On 19.01.2014, at 22:04, Peter Maydell <peter.mayd...@linaro.org> wrote:

> On 19 January 2014 20:55, Alexander Graf <ag...@suse.de> wrote:
>> On 19.01.2014, at 21:52, Peter Maydell <peter.mayd...@linaro.org> wrote:
>>> Longer term I was wondering if we should define the concept
>>> of a 'scope object' for TCG temporaries, so you create a scope
>>> object and then we have versions of tcg_temp_new_*() that
>>> take a scope object to effectively define the lifetime of that
>>> temp. Destroying the scope object frees every TCG temp in it.

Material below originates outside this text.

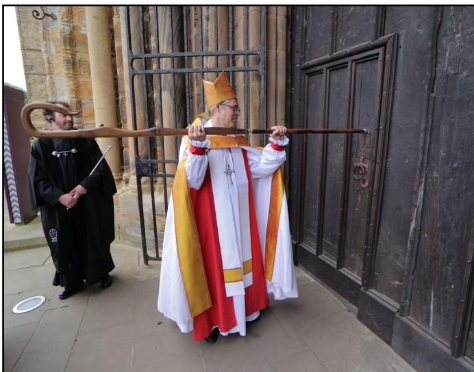
The Bishop of Durham knocks on the Cathedral door three times with his pastoral staff to request entry

One other date for your diary is that Mary Sumner Day, the Mother's Union founder will be marked with Evening at Durham Cathedral on Sunday 9th August at 3:30pm and all are welcome to attend.
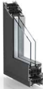
WarmCore 70 Turn

>>> Then we could just have the target frontends create a scope
>>> for each instruction, and they wouldn't need to worry about
>>> manually freeing TCG temporaries within it at all. That seems
>>> better than the current approach where every frontend rolls
>>> its own auto-free mechanism, and would render this sort of
>>> "check for bugs in manual temp freeing" unnecessary too.
>>> 
>>> (We could also make the tcg_gen_brcond* functions do a
>>> "free all temps in all scope objects" and then we'd catch
>>> use-of-temp-after-branch bugs, especially if we also got
>>> TCG to assert on use of a dead temporary rather than only
>>> later when it was doing regalloc on it...)
>> 
>> I agree - that would be awesome :). We could even go as far
>> as defining a "fallback scope" that's instruction wide
> 
> I was thinking the fallback scope would have to be 'whole
> basic block' (both because that makes more sense as a TCG
> API and to avoid having to fix every frontend at once), though
> you're right that this sits a bit awkwardly with the fact that in
> practice the scope you want 99% of the time is going to be
> "single guest insn".

Well, we could have each target define the "default scope" itself. On systems 
where you know that previous instructions may leak into the next (I don't know 
of any, but who knows) you could then make the TB the default scope.